SFFA vs. Harvard
In Cheryl Harris's Whiteness as Property, she argues for an understanding of race as determinant of property. She uses cases like Plessy v. Ferguson to evidence this claim, demonstrating how the United States has established a legal precedent for equating whiteness with property. She then argues that affirmative action is needed to order to remedy these injustices - she states that it could "brake the distorting link between white identity and property." However, given how broad Harris's conception of affirmative action is, I wonder what limitations exist to how different types of "affirmative action" could actually break this link.

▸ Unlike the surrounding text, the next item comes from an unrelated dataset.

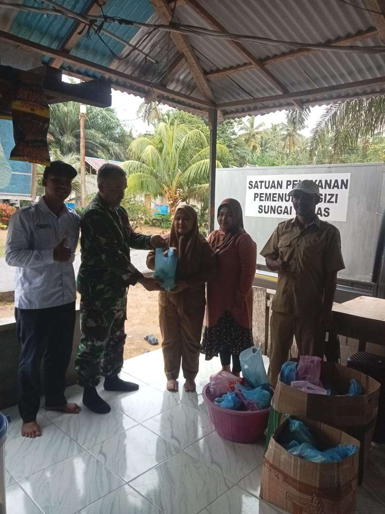 Pada Minggu, 7 Desember 2025, Babinsa dari Koramil 1207-08 Teluk Pakedai Sertu Samsir aktif melaksanakan pendistribusian Makanan Bergizi Gratis (MBG) bekerja sama dengan Satuan Pelayanan Pemenuhan Gizi (SPPG) di wilayah Kecamatan Teluk Pakedai, Kabupaten Kubu Raya, Kalimantan Barat.
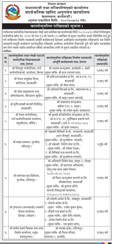 सरकारले विभिन्न निर्माण व्यवसायी तथा आपूर्तिकर्तालाई कालोसूचीमा कालोसूचीमा राखेको छ।

When most people bring up affirmative action at the dinner table, the debate includes a mention of SFFA v. Harvard (maybe thats just my family but I digress). In this case, the Supreme Court ruled in favor of SFFA, claiming that affirmative action in higher education violated the Equal Protection Clause of the Fourteenth Amendment. And yet, Harris says that "The truncated application of affirmative action as a policy has obscured affirmative action as a concept... the debate... cannot be understood unless the concept... is considered and conceptually disengaged from its application in the United States" (1787). Thus, I found myself wondering about the applicability of affirmative action as Harvard used it to the way in which Harris writes about it.
When conceptualizing race, she states: "whiteness is an aspect of racial identity surely, but it is so much more; it remains a concept based on relations of power, a social construct predicated on white dominance and Black subordination" (1761). Although Harris never uses the word Ideology, the language in this quote evidences a reading of Harris as arguing for racism as an ideology, much like that which Shelby argues for. In conceiving of whiteness as property, Harris shows how race is a social construct; it arose from the material conditions of a need for labor, was further perpetuated in order to maintain these relations of power, and then in turn sought to "justify" extreme injustice. Given the ideological nature of race, and its perpetuation from and of the material conditions and relations of power, the argument could be made that one must abolish such material conditions and relations. Affirmative action thus should work to abolish such conditions which facilitated racism and led to its inception. Harris conceptualizes what affirmative action should look like when she says:
"If affirmative action were freed from the constraint of protecting the property interest in whiteness, if indeed it were conceptualized from the perspective of those on the bottom, it might assist in moving away from a vision of affirmative action as an uncompensated taking and inspire a new perspective on identity as well. The fundamental precept of whiteness - the core of its value - is its exclusivity. But exclusivity is predicated not on any intrinsic characteristic, but on the existence of the symbolic "other," which functions to "create an illusion of unity" among whites" (1789).
But if one were to look to Harvard's model of affirmative action pre-SFFA, it's worth asking whether their policy was actually carrying out this goal. Harris argues that the core value of whiteness is its exclusivity, an exclusivity predicated not on any intrinsic characteristic, but on the symbolic construction of an "other." If that is true, then simply admitting more students of color to an elite institution may not do the work of dismantling that exclusivity. If anything, it risks preserving the very system of elite higher education that perpetuates extreme wealth inequality - inequality that itself disproportionately burdens communities of color. Harvard's model of affirmative action, in other words, may be better understood as redistributing access to an exclusionary system rather than challenging the material conditions that made that system possible. And if Harris is right that racism is sustained by those material conditions, then affirmative action of that kind may fall short of what she envisions, or actually exacerbate patterns of exclusivity that she seeks to dismantle.